The Academy continues to advocate on behalf of children and pediatricians for health reform that includes the following provisions:

* health insurance coverage for all children,
* age-appropriate benefits in a medical home, and
* appropriate payment to assure real access to services.

Throughout the legislative process this fall, the AAP Department of Federal Affairs has been meeting with members of Congress, encouraging them to include these provisions in health reform legislation and providing feedback on amendments related to pediatric health.

To find detailed responses to the congressional committees that have drafted legislation and adjudicated amendments so far, log onto the AAP Member Center at www.aap.org/moc, and click on the Health Care Reform icon.

AAP members also have been taking time out of their busy schedules to meet with elected officials on Capitol Hill and at home, submit opinion pieces to local newspapers and spread the word in their communities about the importance of children’s health needs within health care reform.

Here is a snapshot of recent health care reform activities:

House small business committee panel on H1N1

AAP Immediate Past President David T. Tayloe Jr., M.D., FAAP, testified before the U.S. House of Representatives Committee on Small Business about the challenges of the 2009 H1N1 influenza virus, with a focus on its disproportionate impact on children and the pediatric practices that serve them.

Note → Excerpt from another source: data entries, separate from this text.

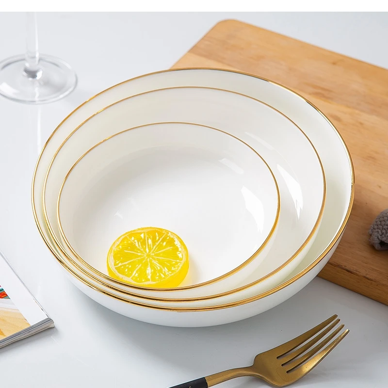 Керамическая посуда для супа, домашняя посуда для отеля, ручная роспись, позолоченная посуда, кухонные принадлежности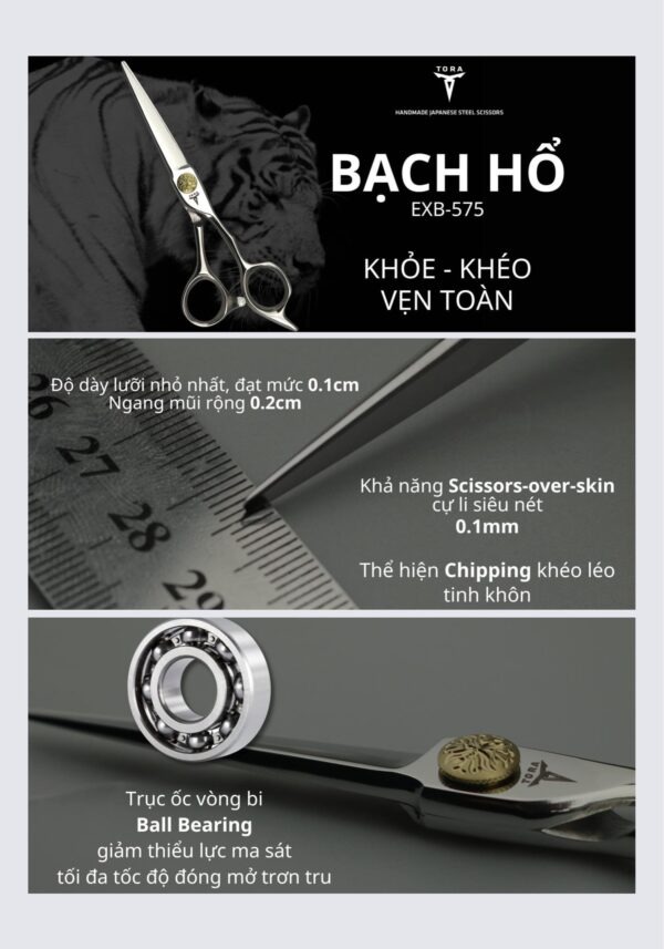 Bạch Hổ là cây kéo cao cấp nhất của TORA, hội tụ đầy đủ các yếu tố: khéo khỏe vẹn toàn. Bạch Hổ có thể sử dụng đa năng cho các kỹ thuật cắt kkhác nhau: Từ cắt các tép tóc dày, cắt outline, tinh chỉnh, hoàn thiện…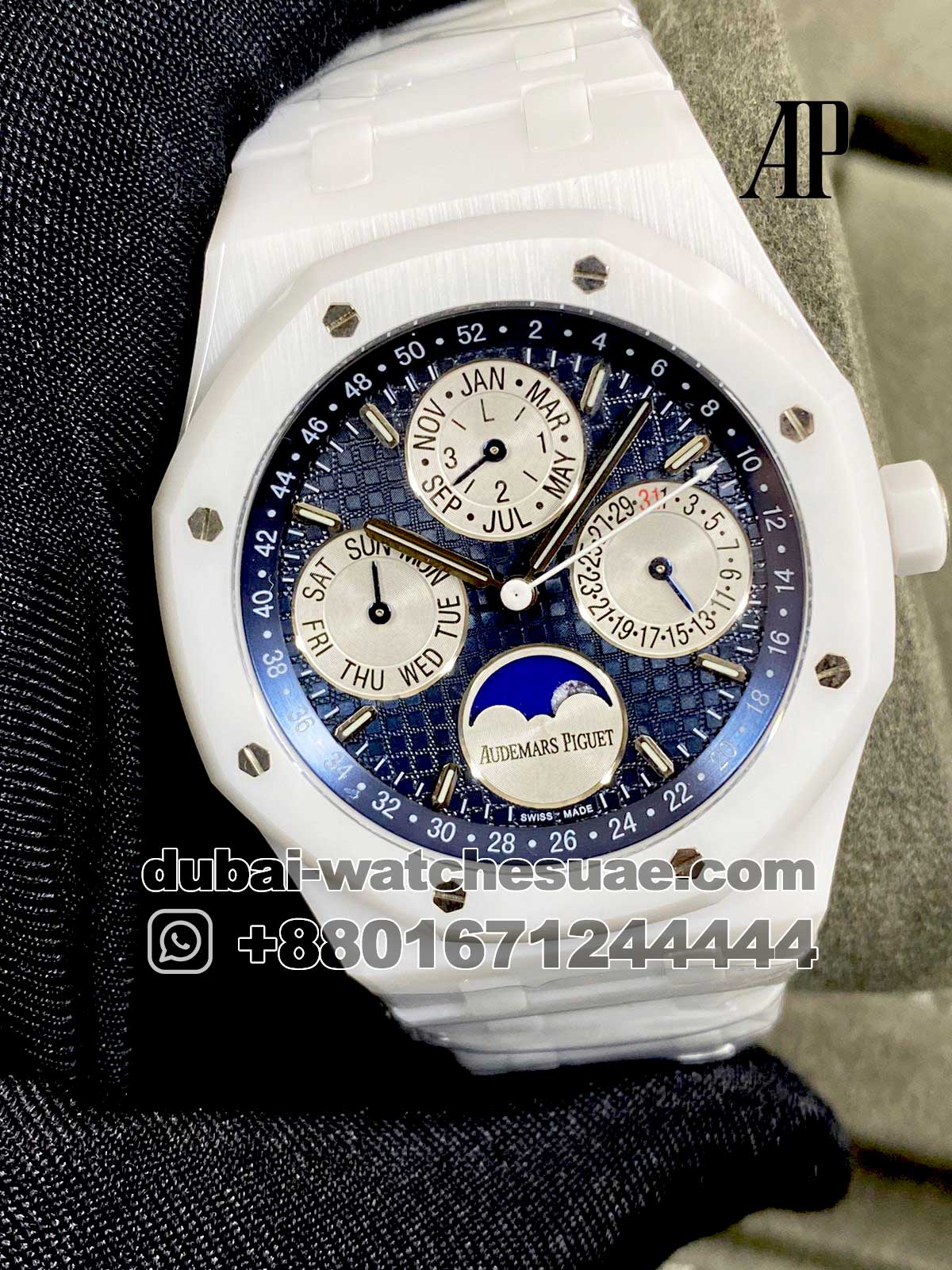 This watch has attitude to spare .Crafted in hand-finished white ceramic, this?Royal Oak Perpetual Calendar features day, date, month, astronomical moon, and week of the year. Perpetual Calendar 14 Keep the time perfectly .The thing that make it stand alone exclusive variation apart is its white ceramic case and bracelet, paired with a beautiful blue dial.? Its been one of the hardest Audemars Piguet watches to get out of the whole collection of AP. Go unique with this exclusive piece of your choice.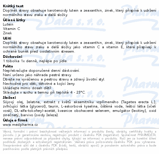 Doplněk stravy obsahuje karotenoidy lutein a zeaxanthin, zinek, který přispívá k udržení normálního stavu zraku a další složky.
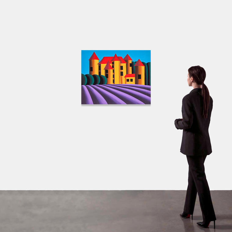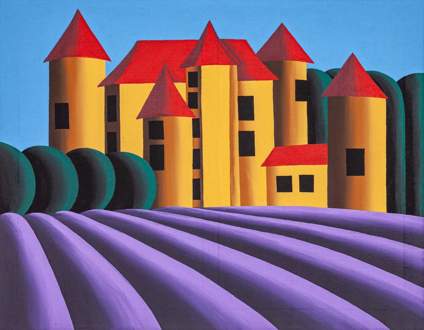 В середине 2000-х годов художник обратился к жанру пейзажа, который в его подчеркнуто декоративной, примитивистской обработке утратил связь с природой как таковой. Примерно в это же время сложилась «изобразительная азбука» Хвостова: шаровидные деревья, стволы-цилиндры, ровные ряды пашен, а также сведенные к простым геометрическим фигурам здания, прорезанные черными прямоугольниками окон. Позднее в произведениях живописца появился самобытный авторский мотив средневекового замка — игрушечного, собранного по частям и застывшего во времени. На картине 2022 года одна из таких фортификационных построек изображена на фоне прованского пейзажа — узнаваемого, но при этом искусственного. Кажется, что гладкие яркие формы в равномерном холодном освещении сделаны из синтетического материала, а сконструированное из них пространство вовсе неподвижно. V
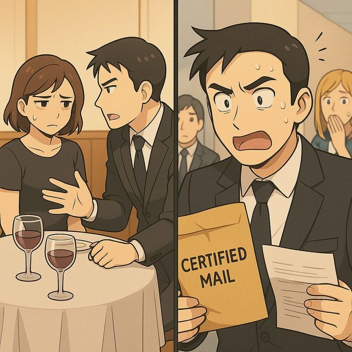 数日後、彼の会社の記念すべき設立パーティーの会場に、弁護士を通して内容証明郵便が届けられました。もちろん、中身は私のアイデアの盗用を指摘し、事業の即時停止を求める警告書です。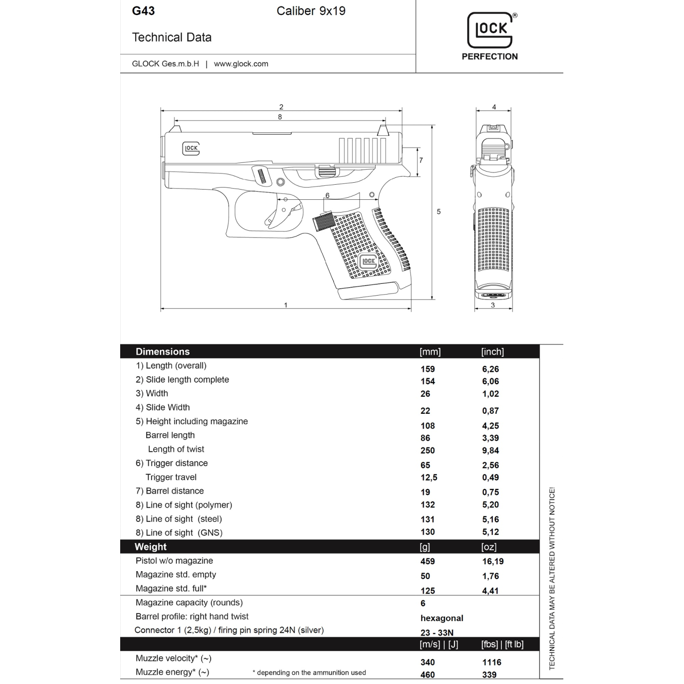 - Carrello in acciaio e fusto in polimero - Caricatore monofilare da 6 colpi - Lunghezza arma: 159 mm - Lunghezza canna: 86 mm - Altezza; 108 mm - Peso (a vuoto): 509g - Peso con caricatore: 634g - Scatto: 2,5 Kg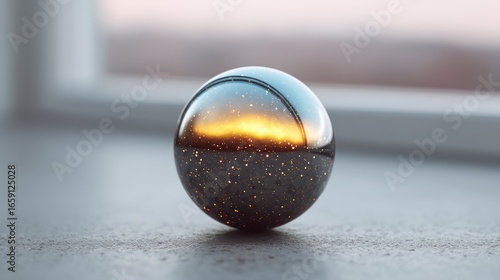 Dark sphere with golden flecks reflecting a bright cloudy sky black glitter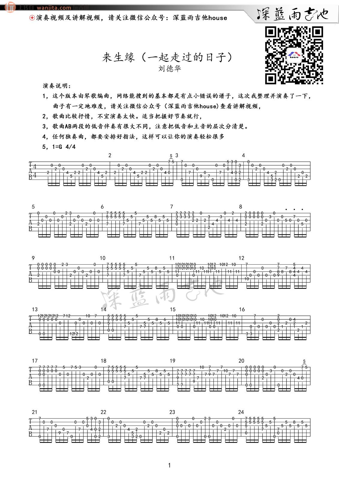 曲谱介绍: 刘德华《来生缘》吉他独奏谱,共有2张高清图谱,免翻页排版设计。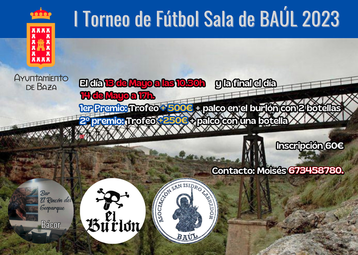 Abierta la inscripción para el Torneo de Fútbol Sala de Baúl, coincidiendo con las fiestas tradicionales de este anejo bastetano. El final de la primera quincena del mes de mayo es tiempo de fiestas patronales en el anejo de Baúl, las cuales se celebrarán durante los días 12, 13 y 14 de mayo, en honor a San Isidro y la Virgen de Fátima, para lo que contarán con un amplio programa de actividades festivas que daremos a conocer en los próximos días.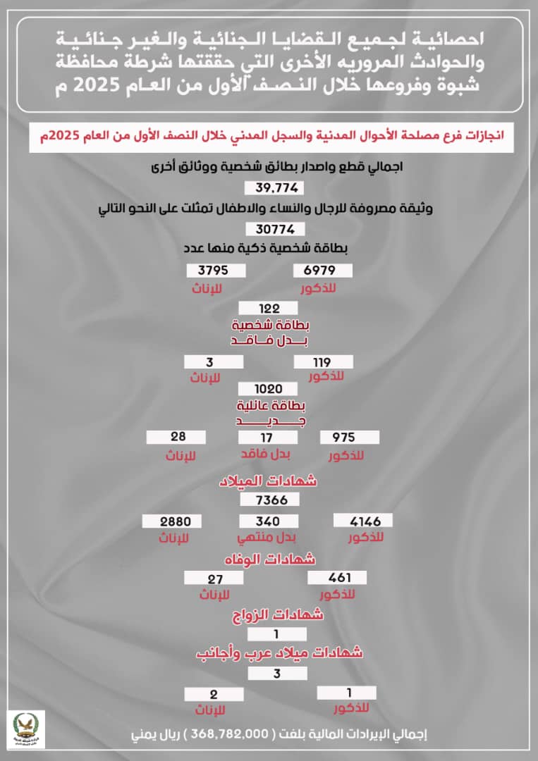 – مصلحة الأحوال المدنية والسجل المدني: إصدار 39,774 وثيقة، شملت بطاقات ذكية وشهادات ميلاد ووفاة وزواج، حققت إيرادات بقيمة 368,782,000 ريال يمني.
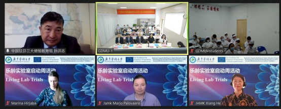 2022年6月6日起,由英国365集团,英国365集团主办、欧盟GeNEdu项目资助的“广东医科大学欧盟GeNEdu项目乐龄实验室”启用周拉开帷幕。芬兰于韦斯屈莱应用科技大学护理学位项目主任、GeNEdu项目学术经理Marjo PALOVAARA、全球教育服务部经理、GeNEdu项目执行经理何翔、康复专业教授Kari VEHMASKOSKI、护理专业副教授 Marina HIRJABA以及中国驻芬兰大使馆教育组负责人孙洪志教授、芬兰国家商务促进局华南地区代表、高级顾问李俊英女士分别在线上线下出席会议,广东医科大学党委书记、校长卢景辉,国际交流与合作处处长郭绍波,相关医院专家代表、英国365集团党政班子及全体老师和参加本项目的学生出席了开幕式活动。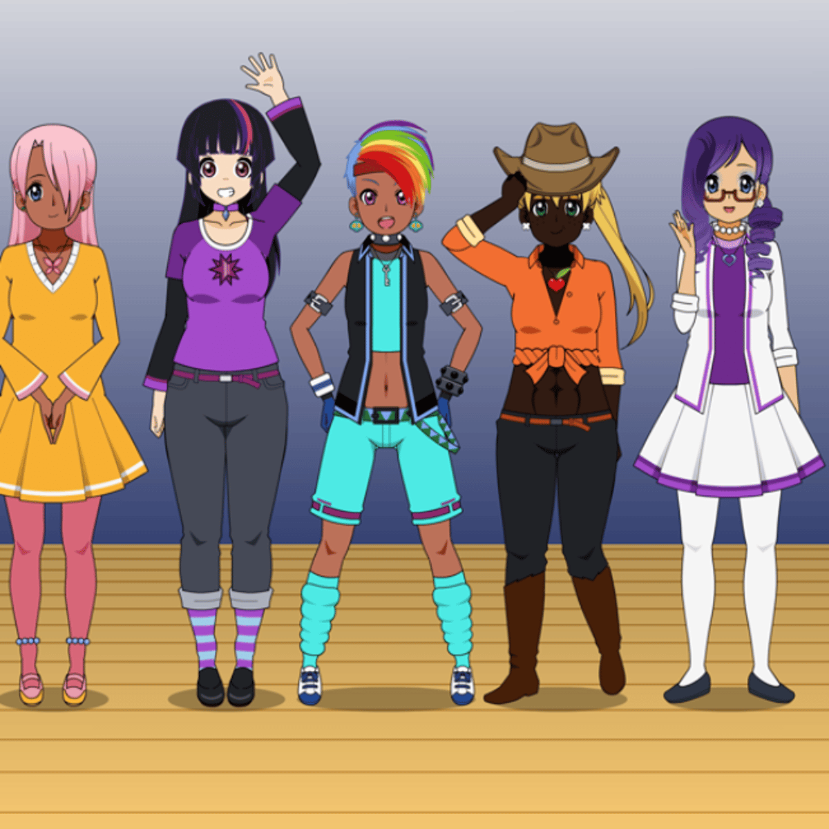 She a human from equestria girls in kisekae, wearing her orange shirt, belt, black jeans and brown boots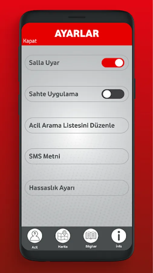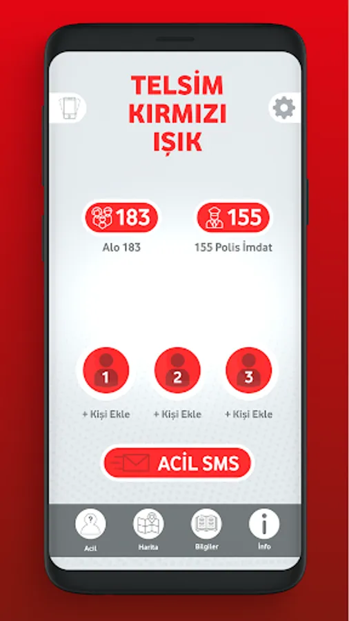 The Telsim Red Light Application enables women who are exposed to violence to access the police or their relatives by telephone and send an emergency SMS in a simple and simple process. In addition, Alo 183 and 155 Police Emergency numbers can be dialed with a single button. In the application, the nearest KAYAD addresses, organizations can be applied and information about the rights are also available.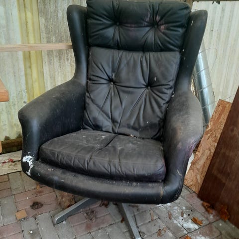 Myydään 70- 80-luvulta nahkainen lepotuoli. Nahkainen pehmuste kulunut, muuten siisti ja ehjä, käyttökunnossa. Uudelleen päällystämällä saa hienon. Kaikki jalkojen pehmusteet tallessa, mutta vähän rikkoontuneet.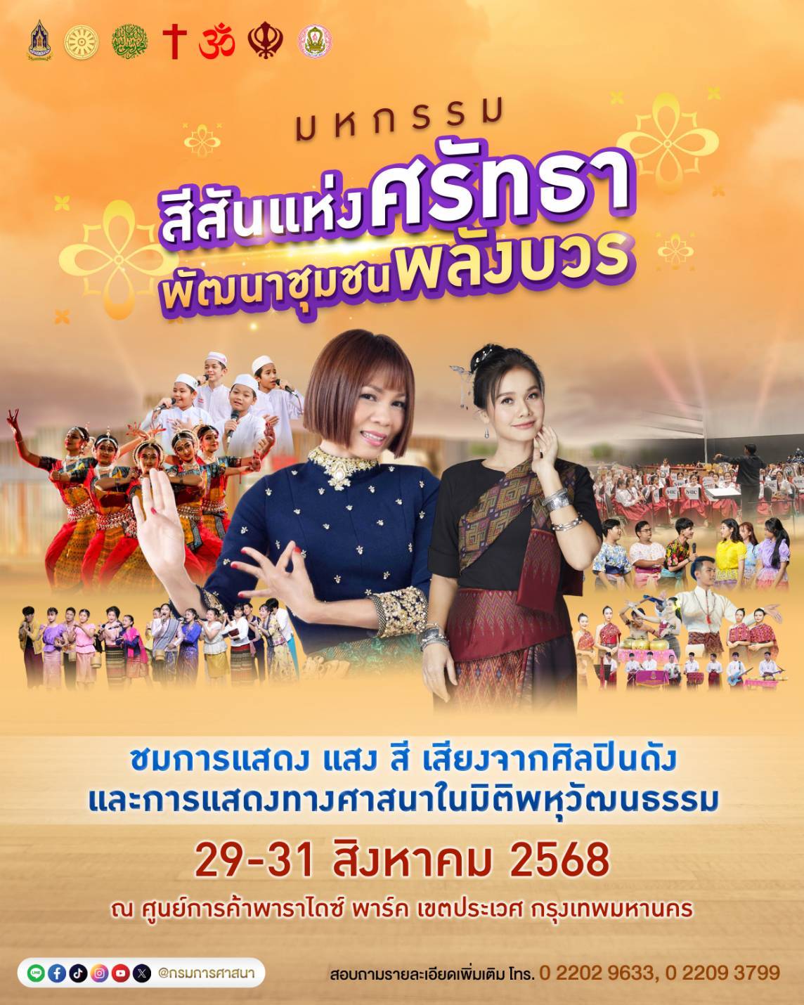 ขอเชิญร่วมงานมหกรรมสุดยิ่งใหญ่แห่งปี “สีสันแห่งศรัทธา พัฒนาชุมชนพลังบวร” ระหว่างวันที่ 29 – 31 สิงหาคม 2568 เวลา 11.00 – 20.00 น. ณ ศูนย์การค้าพาราไดซ์ พาร์ค เขตประเวศ กรุงเทพมหานคร

Dr. Tayloe discussed several topics, including business interruption and staff illness concerns, increased caseloads for pediatricians, vaccine administration and the general impact of H1N1 on small businesses.

Children’s health reform event

Dr. Tayloe joined Senate Majority Leader Harry Reid; House Speaker Nancy Pelosi; singer and co-founder of the Children’s Health Fund (CHF) Paul Simon; CHF President and co-founder Irwin Redlener, M.D., FAAP; CHF Advisory Council Chair Jane Pauley; and National Association of Children’s Hospitals and Related Institutions President Larry McAndrews to encourage support of children’s unique needs within health reform at an event on the White House lawn.